Youth unemployment isn’t a trend, it’s a long-term issue that could destroy our economy more than it already has and ruin the careers of the youth for the next couple of generations.




Youth unemployment might not have been the “hot goss” or the most talked about topic, but it’s been expanding itself throughout the past 2 decades, fluctuating between 20% and 28%. Ever since Mr. Covid-19 visited us, youth unemployment rates have skyrocketed. In a developing country like Sri Lanka, not everyone has the access to good educational facilities, thereby making majority of its youth vulnerable to unemployment.


Hysteresis is the idea that past employment trends have a tendency of causing the current unemployment trends. Having watched my older cousins not get the jobs they aimed for, I know that they get demotivated and companies too are unwilling to hire them due to a lack of past job employment. This just shows us that youth unemployment affects you throughout your career and not only in the beginning.


Essentially, there are 3 factors that affect the youth’s vulnerability to unemployment. The geographical location of those unemployed, poor transportation facilities and high transportation cost as well as discrimination of the employee’s ethnicity or tribe. Sri Lanka has done much to overcome these challenges. The government has tried to build infrastructure around the island, keep public transportation costs at a minimum and (attempted to) build harmony within the races and religions in the country. However, youth unemployment is still at its peak. So what more can we do?



For one, as a student, I can vouch that school curriculums tend to focus on and nurture job seekers rather than job creators, lessening the entrepreneurship rates. We could introduce entrepreneurship education to school curriculums along with technical and vocational skill development programmes to increase this percentage and increase our potential to meet our basic needs, improve our standard of living and teach younger generations to use locally available resources efficiently.

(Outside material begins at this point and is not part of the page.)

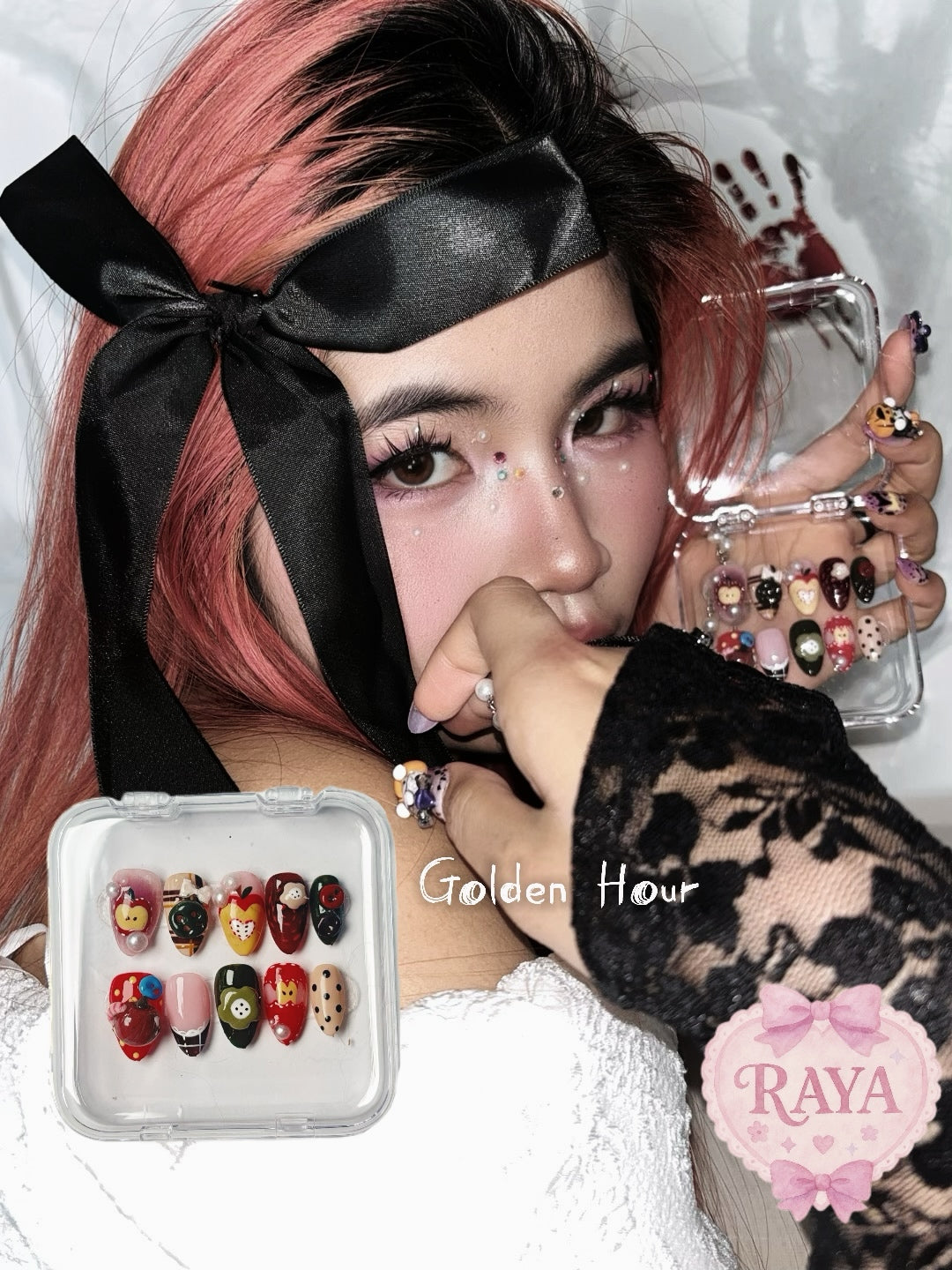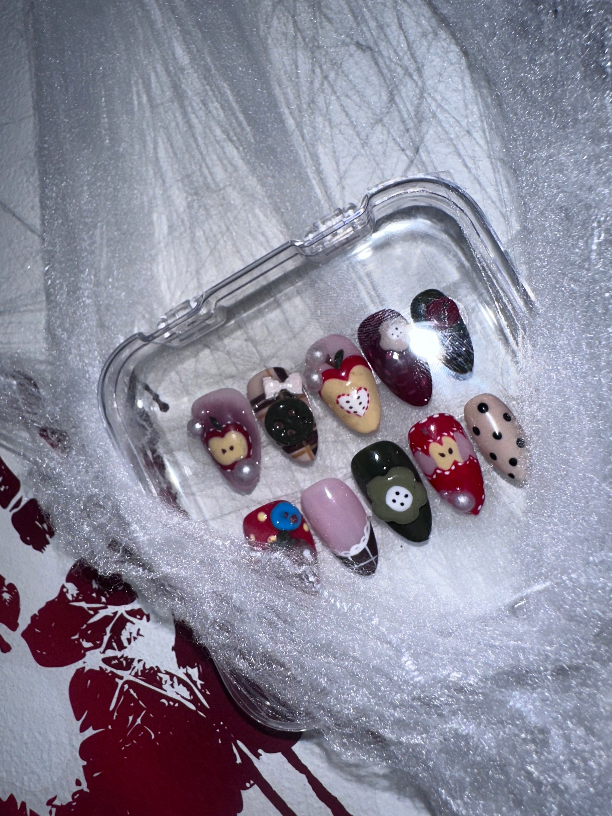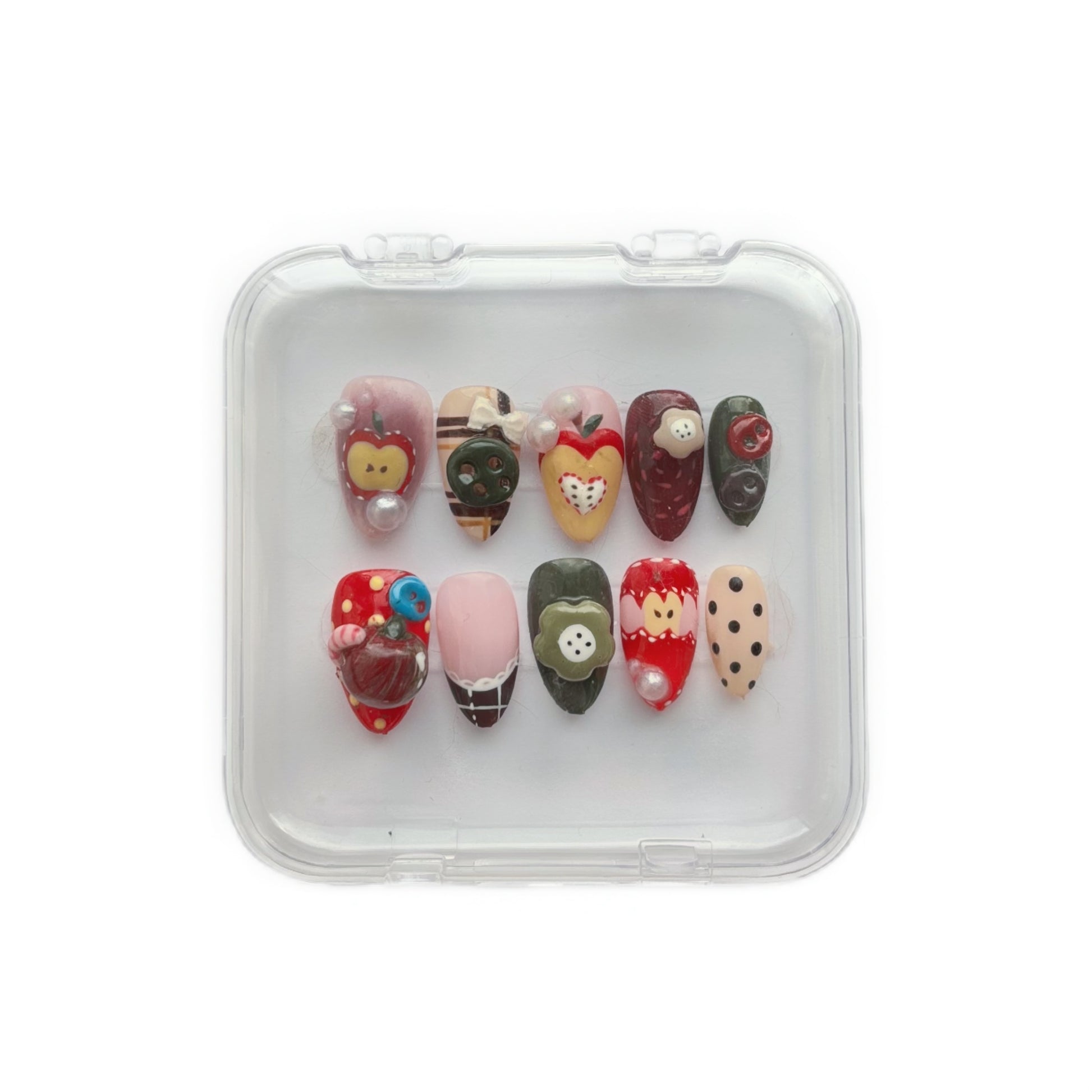 Comes in a clear organiser case for storing the nails, and all complimentary tools necessary for wearing the design – sticky tabs x 24 pcs in 12 sizes, 2g nail glue x 1, cuticle tool x 1, dehydrating wipe x 1, nail file x 1.
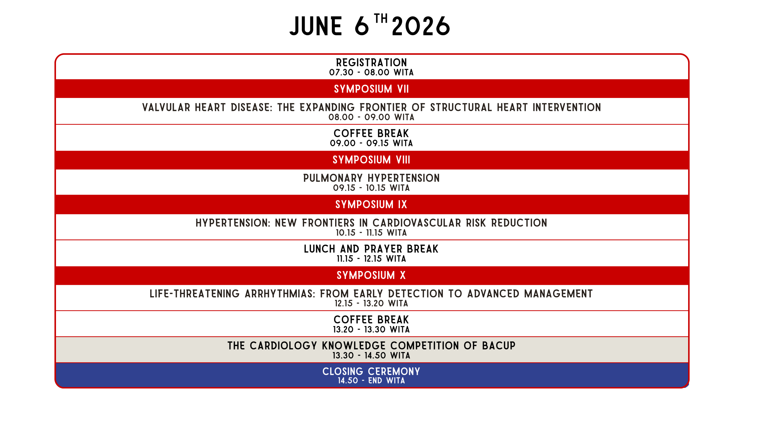 Our comprehensive program is meticulously designed to bridge the gap between foundational knowledge and the latest breakthroughs in cardiovascular medicine through 9 Intensive Workshops and 10 Specialized Symposia. There will be also another round of GP Competition: A high-energy platform for General Practitioners to showcase clinical excellence and compete for top honors.

Public- Private Partnerships can create new industries and employment opportunities, thereby diversifying economic activities and minimizing youth unemployment.


The Sri Lankan government hadn’t done much against this issue until last year when President Gotabaya Rajapaksa introduced a few strategies through his manifesto. Due to the ongoing pandemic, these strategies weren’t implemented. However, he gave 100,000 jobs in the government sector to deserving families and more to unemployed graduates.


Youth unemployment isn’t a trend, it’s a long-term issue that could destroy our economy more than it already has and ruin the careers of the youth for the next couple of generations. So encourage job creators, demand government funding for entrepreneurship and start-up companies, motivate jobs seekers and facilities should be provided to for students to develop soft skills and widen your range of assets that will help you contribute positively to this economy.